> _Your assignment_
Every record should be written out exactly, with the pictures left out.

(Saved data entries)
○ ○ ○ ○ ○ ○ ○
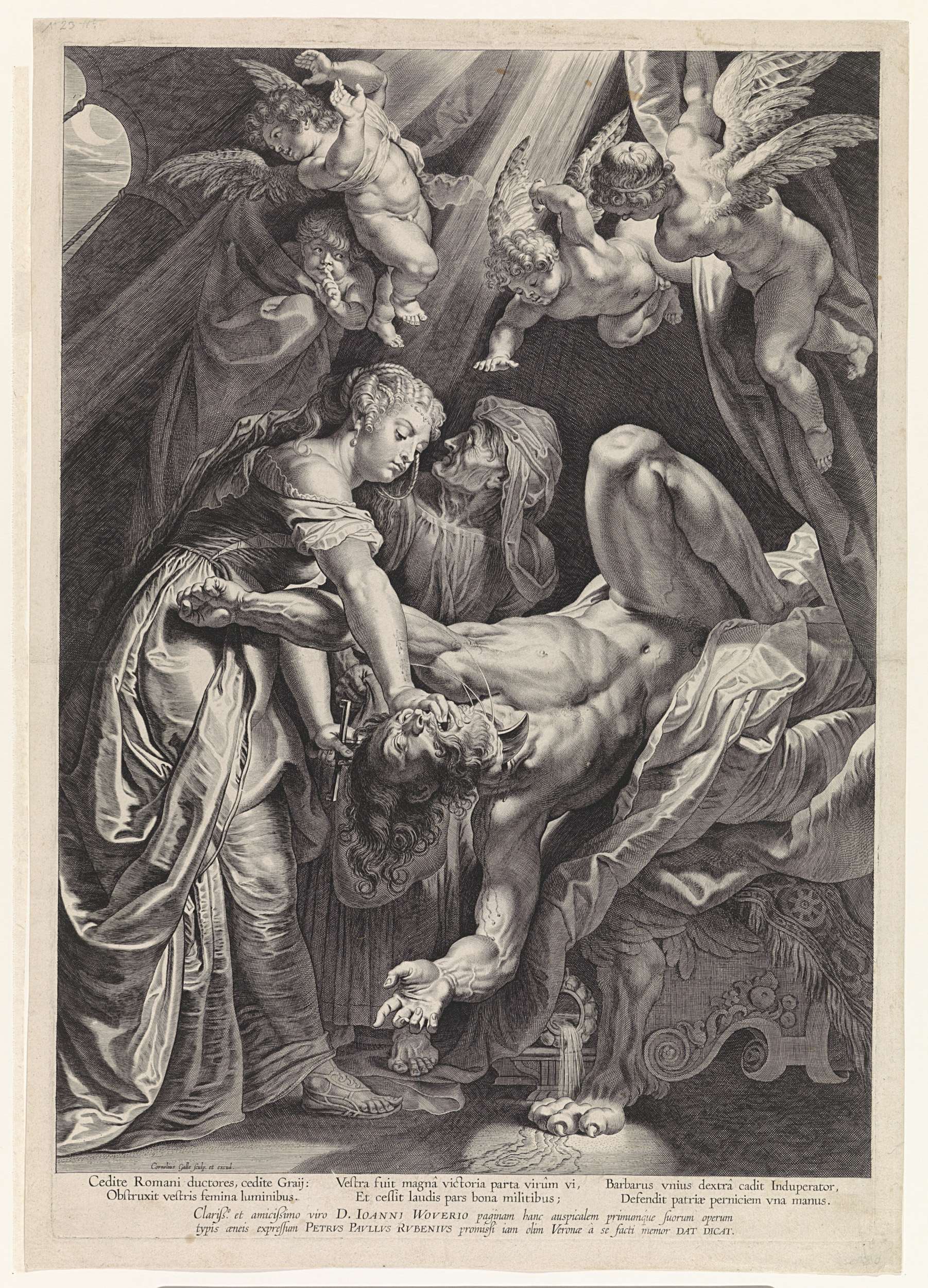 Judit onthoofdt Holofernes in de legertent. Op de achtergrond Judits bediende en in de lucht engelen.
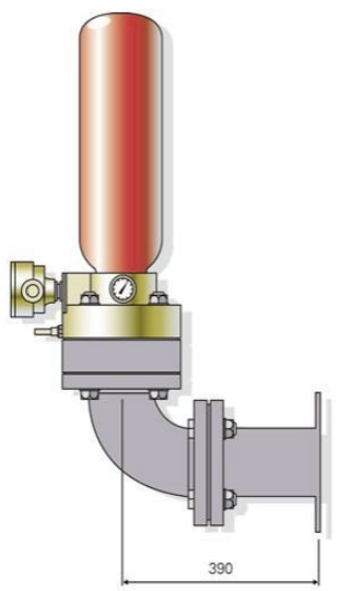 E-HRD 억제기는 분진, 가스 및 하이브리드 혼합물에 대한 모든 유형의 용기, 덕트 및 파이프에 설치하도록 설계되었습니다. 서프레서 밸브는 돔형 디스크와 밀봉 링으로 닫은 다음 질소로 가압됩니다.
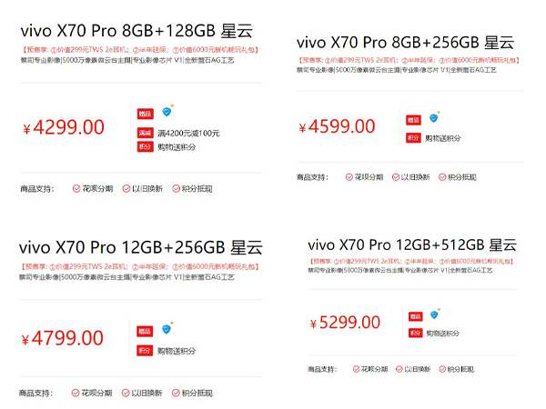 vivox70pro多少钱?vivox70pro价格8+128GB版本官方定价为4299元,8+256GB为4599元,12+256GB为4799元,12+512GB版为5299元。
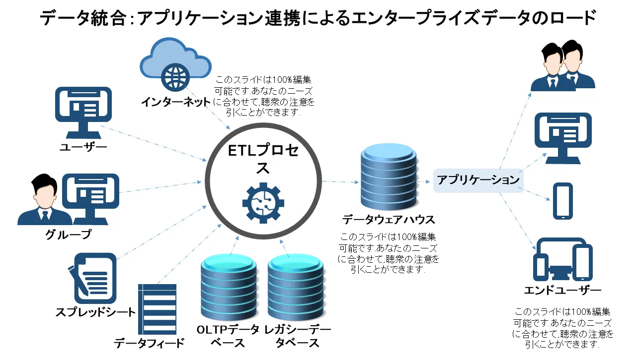 データ分析プレゼンテーション用に、アプリケーションとエンド ユーザーによるエンタープライズ データの負荷を示す、専門的に設計されたデータ統合。ビジネスプロフェッショナル、コンサルタント、チームに最適な、モダンなデザインの編集可能なスライド。すっきりとしたレイアウト領域...
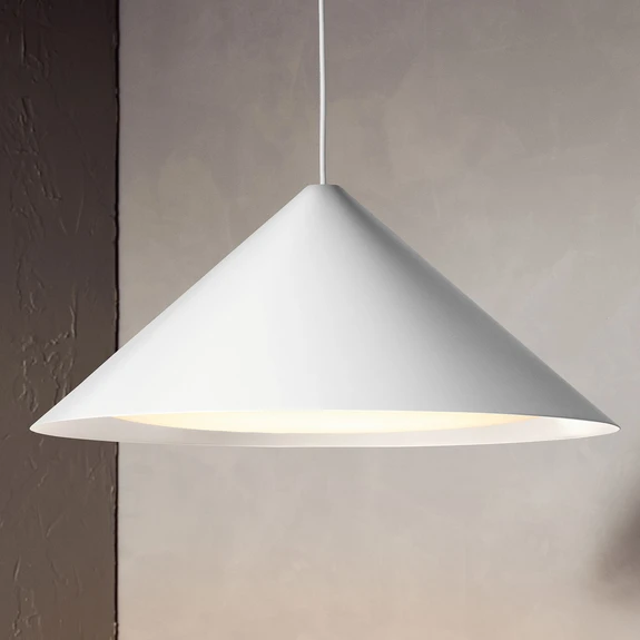 Κρεμαστό φωτιστικό LED Keglen - μινιμαλιστικό κωνικό κάλυμμα με διαχύτη σε σχήμα σταγόνας Το κρεμαστό φωτιστικό Keglen από τον παραδοσιακό δανό κατασκευαστή Louis Poulsen είναι ένα εξαιρετικό παράδειγμα του πώς ο αποτελεσματικός αλλά ευχάριστος φωτισμός και ο απλός αλλά κομψός σχεδιασμός μπορούν να συνδυαστούν σε ένα φωτιστικό. Η ιδέα προέρχεται από τον όμιλο Bjarke Ingels Group (BIG), μια διεθνώς ενεργή ένωση εμπειρογνωμόνων στους τομείς της αρχιτεκτονικής, του σχεδιασμού τοπίου, του εσωτερικού σχεδιασμού, της έρευνας και ανάπτυξης, του αστικού σχεδιασμού και του σχεδιασμού προϊόντων. Στο πλαίσιο του σχεδιασμού του Μουσείου Tirpitz στη Δανία, η BIG σχεδίασε, μεταξύ άλλων, το Keglen. Εκτός από τους δημόσιους χώρους, όπως εστιατόρια και αίθουσες συνεδριάσεων, το κρεμαστό φωτιστικό εντυπωσιάζει επίσης σε ιδιωτικά σαλόνια και τραπεζαρίες. Το ιδιαίτερο χαρακτηριστικό του κρεμαστού φωτιστικού είναι ο οργανικής εμφάνισης, καμπυλωτός διαχύτης από οπαλικό πολυκαρβονικό, ο οποίος μειώνει το φαινόμενο της θάμβωσης του φωτός που εκπέμπεται προς τα κάτω από τα εσωτερικά LED. Εκτός από το άμεσο φως ευρείας περιοχής, φωτίζεται επίσης διακριτικά και η οροφή. Για το σκοπό αυτό, υπάρχει ένα μικρό άνοιγμα στην άκρη του κωνικού σκιάστρου που στενεύει προς τα πάνω. Αυτό είναι κατασκευασμένο από αλουμίνιο, μονόχρωμο εξωτερικά και λευκό εσωτερικά - Εξωτερικά ρυθμιζόμενο μέσω του ελέγχου φάσης της εμπρόσθιας ακμής και του ελέγχου φάσης της οπίσθιας ακμής
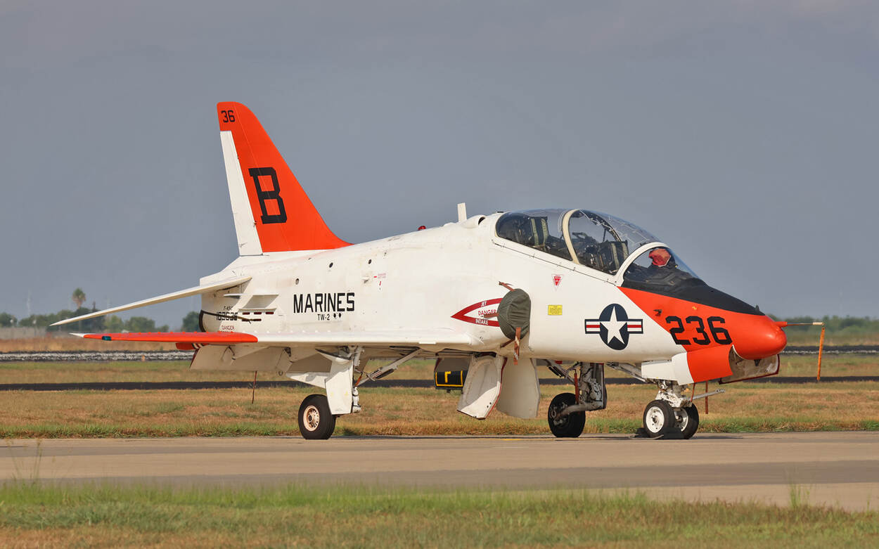 Wel in beeld: Legacy Hornets (rechts) van de VMFA-112 'Cowboys'. “Waarschijnlijk de laatste USMC (United States Marine Corps, red.) unit die overgaat op de F-35”, weet Coert. En ook: een T-45C Goshawk (links). Coert zag er onderweg verschillende, zoals deze op Corpus Christi International Airport. Geen slechte vangst voor drie weken toeren.
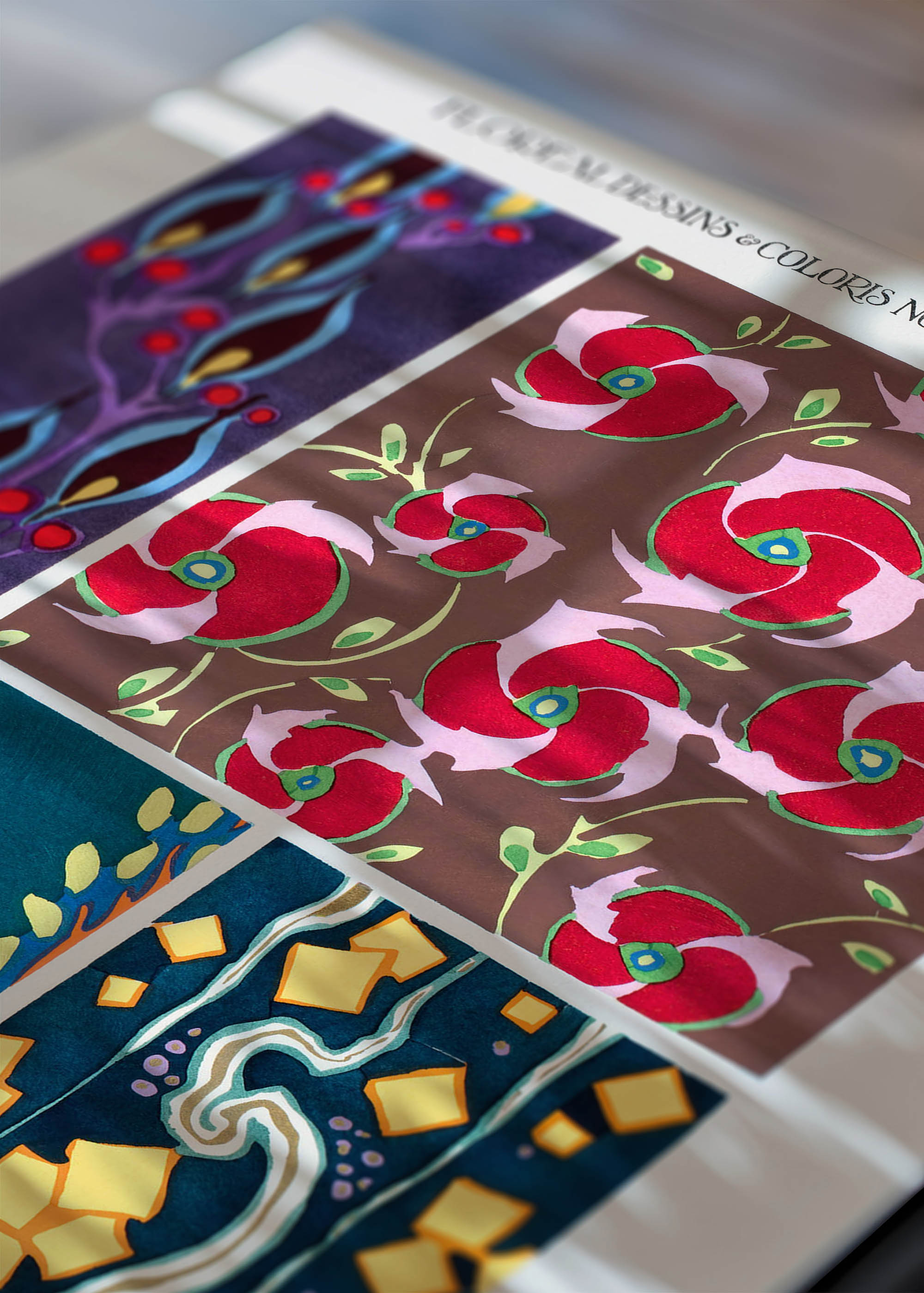 Kolorystyka prezentowanych kompozycji odzwierciedla typową dla tego okresu fascynację kontrastami – od głębokich ultramaryn i fioletów kadmowych w lewym górnym wzorze, przez ciepłe brązy ziemi kontrastujące z karminową czerwienią i różem pudru w prawym górnym motywie. Dolne kompozycje prezentują bogactwo turkusów i szmaragdów przeplatanych żółciami cytrynowymi oraz dramatyczne zestawienie granatów z żółtymi kwaratami geometrycznymi.
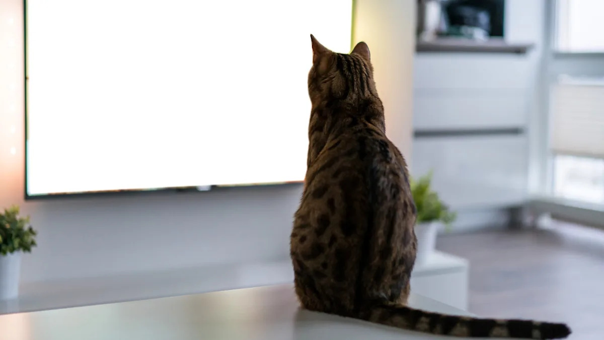 A cat’s brain doesn’t differentiate between TV movement and backyard grass movement. The brain sees motion, the body reacts. If something moves, it must be chased.
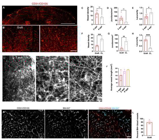 To determine whether the grafts become vascularized using the same experimental setup as in Figure 1A, we co-immunostained grafts with the vascular endothelial markers CD31 and CD105. At 2 wpt, vessels appear present throughout the grafts (Figure 2A,B). Vascularization is a dynamic process that occurs in response to hypoxic cues in the environment; therefore, we examined the graft vessels at a later time point []. The vessels in the graft appeared to still be changing their morphology until at least 4 wpt (Figure 2C–E). From 2 to 4 wpt, despite having similar densities (2 wpt 12.2% vessels % area, N = 6; 4 wpt 8.3% vessel % area, N = 3, p = 0.1) and numbers of junctions (2 wpt 79/mm2, N = 6; 4 wpt 30.1/ mm2, N = 3, p = 0.08), the grafts exhibited significantly increased lacunarity at 4 wpt, a measure of irregularity or gaps within the network that does not rely on vessel density or caliber [] (2 wpt 0.72, N = 6; 4 wpt 1.1, N = 3, p = 0.02). Consistent with ongoing maturation of graft vasculature over time, flattened Z-stacks acquired from 2-photon live imaging at 1, 2, and 4 wpt suggested that vessel length also increased between 1 and 4 wpt (Figure 2I,J).
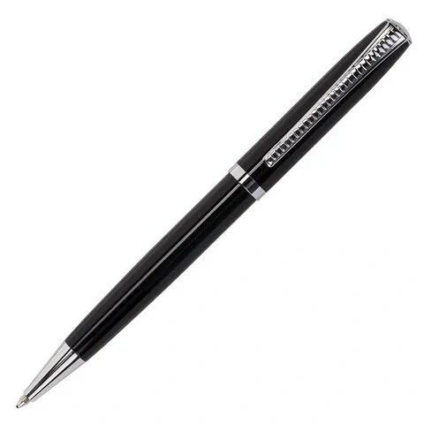Черный корпус выполнен из металла и декорирован серебряными деталями. Стержень типа 'Parker' имеет длину 98 мм. Диаметр пишущего узла, равный 1 мм, создает линию письма, равную 0,7 мм. Поворотный механизм обеспечивает надёжность при использовании ручки. Возможно нанесение логотипа. Поставляется в фирменной коробке.
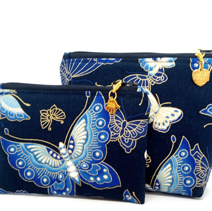 The Coin Purse is 13cm x 10cm and the Makeup Bag is 15cm x 12cm x 5cm. Both ideal for your handbag.
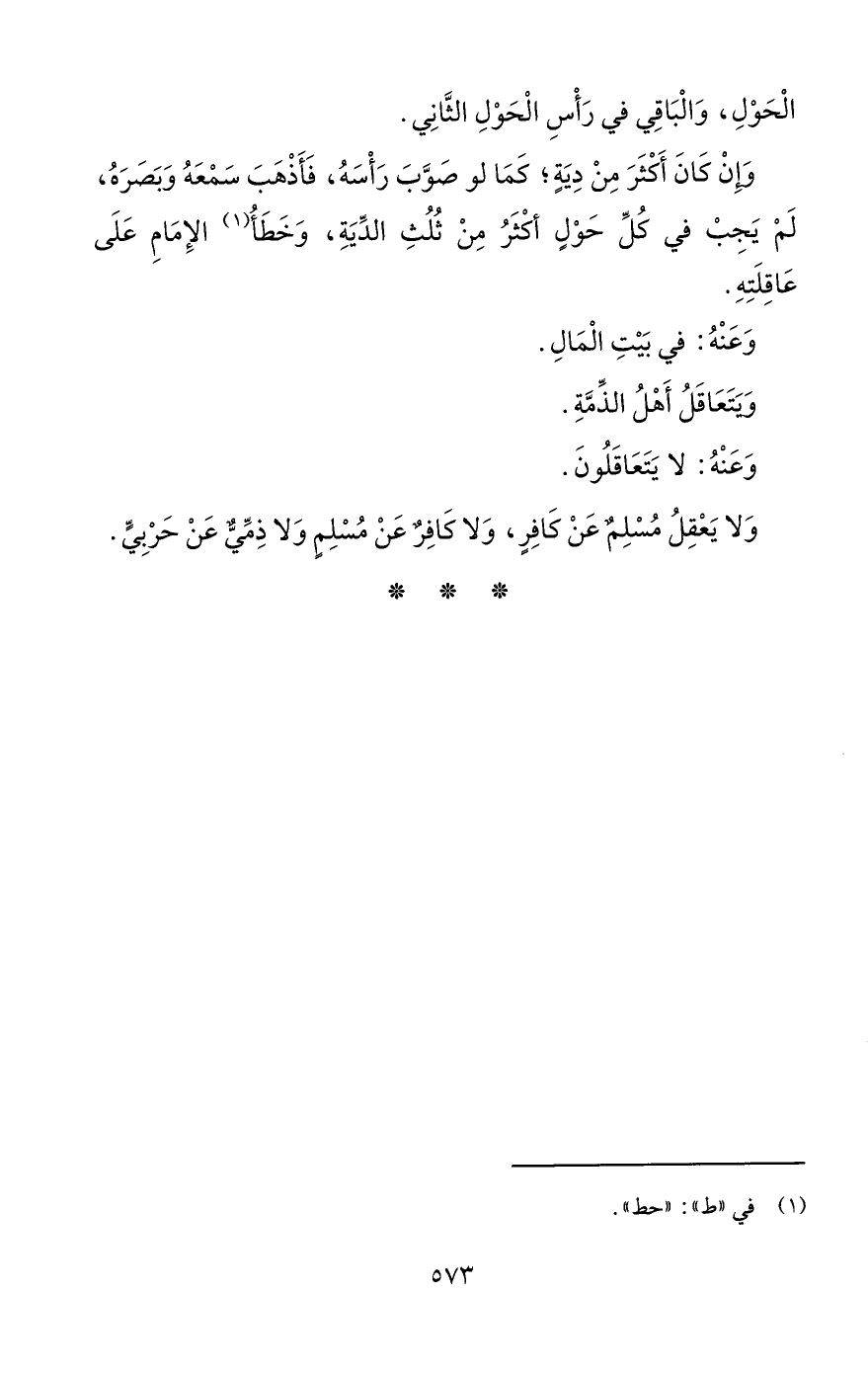 وَلا يَعْقِلُ مُسْلِمٌ عَنْ كَافِرٍ، وَلا كَافِرٌ عَنْ مُسْلِمٍ وَلا ذِمِّيٌّ عَنْ حَرْبِيٍّ.
○ ○ ○ ○ ○ ○ ○
> _Response_
 Judit onthoofdt Holofernes in de legertent. Op de achtergrond Judits bediende en in de lucht engelen.
 E-HRD 억제기는 분진, 가스 및 하이브리드 혼합물에 대한 모든 유형의 용기, 덕트 및 파이프에 설치하도록 설계되었습니다. 서프레서 밸브는 돔형 디스크와 밀봉 링으로 닫은 다음 질소로 가압됩니다.
 vivox70pro多少钱?vivox70pro价格8+128GB版本官方定价为4299元,8+256GB为4599元,12+256GB为4799元,12+512GB版为5299元。
 データ分析プレゼンテーション用に、アプリケーションとエンド ユーザーによるエンタープライズ データの負荷を示す、専門的に設計されたデータ統合。ビジネスプロフェッショナル、コンサルタント、チームに最適な、モダンなデザインの編集可能なスライド。すっきりとしたレイアウト領域...
 Κρεμαστό φωτιστικό LED Keglen - μινιμαλιστικό κωνικό κάλυμμα με διαχύτη σε σχήμα σταγόνας Το κρεμαστό φωτιστικό Keglen από τον παραδοσιακό δανό κατασκευαστή Louis Poulsen είναι ένα εξαιρετικό παράδειγμα του πώς ο αποτελεσματικός αλλά ευχάριστος φωτισμός και ο απλός αλλά κομψός σχεδιασμός μπορούν να συνδυαστούν σε ένα φωτιστικό. Η ιδέα προέρχεται από τον όμιλο Bjarke Ingels Group (BIG), μια διεθνώς ενεργή ένωση εμπειρογνωμόνων στους τομείς της αρχιτεκτονικής, του σχεδιασμού τοπίου, του εσωτερικού σχεδιασμού, της έρευνας και ανάπτυξης, του αστικού σχεδιασμού και του σχεδιασμού προϊόντων. Στο πλαίσιο του σχεδιασμού του Μουσείου Tirpitz στη Δανία, η BIG σχεδίασε, μεταξύ άλλων, το Keglen. Εκτός από τους δημόσιους χώρους, όπως εστιατόρια και αίθουσες συνεδριάσεων, το κρεμαστό φωτιστικό εντυπωσιάζει επίσης σε ιδιωτικά σαλόνια και τραπεζαρίες. Το ιδιαίτερο χαρακτηριστικό του κρεμαστού φωτιστικού είναι ο οργανικής εμφάνισης, καμπυλωτός διαχύτης από οπαλικό πολυκαρβονικό, ο οποίος μειώνει το φαινόμενο της θάμβωσης του φωτός που εκπέμπεται προς τα κάτω από τα εσωτερικά LED. Εκτός από το άμεσο φως ευρείας περιοχής, φωτίζεται επίσης διακριτικά και η οροφή. Για το σκοπό αυτό, υπάρχει ένα μικρό άνοιγμα στην άκρη του κωνικού σκιάστρου που στενεύει προς τα πάνω. Αυτό είναι κατασκευασμένο από αλουμίνιο, μονόχρωμο εξωτερικά και λευκό εσωτερικά - Εξωτερικά ρυθμιζόμενο μέσω του ελέγχου φάσης της εμπρόσθιας ακμής και του ελέγχου φάσης της οπίσθιας ακμής
 Wel in beeld: Legacy Hornets (rechts) van de VMFA-112 'Cowboys'. “Waarschijnlijk de laatste USMC (United States Marine Corps, red.) unit die overgaat op de F-35”, weet Coert. En ook: een T-45C Goshawk (links). Coert zag er onderweg verschillende, zoals deze op Corpus Christi International Airport. Geen slechte vangst voor drie weken toeren.
 Kolorystyka prezentowanych kompozycji odzwierciedla typową dla tego okresu fascynację kontrastami – od głębokich ultramaryn i fioletów kadmowych w lewym górnym wzorze, przez ciepłe brązy ziemi kontrastujące z karminową czerwienią i różem pudru w prawym górnym motywie. Dolne kompozycje prezentują bogactwo turkusów i szmaragdów przeplatanych żółciami cytrynowymi oraz dramatyczne zestawienie granatów z żółtymi kwaratami geometrycznymi.
 A cat’s brain doesn’t differentiate between TV movement and backyard grass movement. The brain sees motion, the body reacts. If something moves, it must be chased.
 To determine whether the grafts become vascularized using the same experimental setup as in Figure 1A, we co-immunostained grafts with the vascular endothelial markers CD31 and CD105. At 2 wpt, vessels appear present throughout the grafts (Figure 2A,B). Vascularization is a dynamic process that occurs in response to hypoxic cues in the environment; therefore, we examined the graft vessels at a later time point []. The vessels in the graft appeared to still be changing their morphology until at least 4 wpt (Figure 2C–E). From 2 to 4 wpt, despite having similar densities (2 wpt 12.2% vessels % area, N = 6; 4 wpt 8.3% vessel % area, N = 3, p = 0.1) and numbers of junctions (2 wpt 79/mm2, N = 6; 4 wpt 30.1/ mm2, N = 3, p = 0.08), the grafts exhibited significantly increased lacunarity at 4 wpt, a measure of irregularity or gaps within the network that does not rely on vessel density or caliber [] (2 wpt 0.72, N = 6; 4 wpt 1.1, N = 3, p = 0.02). Consistent with ongoing maturation of graft vasculature over time, flattened Z-stacks acquired from 2-photon live imaging at 1, 2, and 4 wpt suggested that vessel length also increased between 1 and 4 wpt (Figure 2I,J).
Черный корпус выполнен из металла и декорирован серебряными деталями. Стержень типа 'Parker' имеет длину 98 мм. Диаметр пишущего узла, равный 1 мм, создает линию письма, равную 0,7 мм. Поворотный механизм обеспечивает надёжность при использовании ручки. Возможно нанесение логотипа. Поставляется в фирменной коробке.
 The Coin Purse is 13cm x 10cm and the Makeup Bag is 15cm x 12cm x 5cm. Both ideal for your handbag.
 وَلا يَعْقِلُ مُسْلِمٌ عَنْ كَافِرٍ، وَلا كَافِرٌ عَنْ مُسْلِمٍ وَلا ذِمِّيٌّ عَنْ حَرْبِيٍّ.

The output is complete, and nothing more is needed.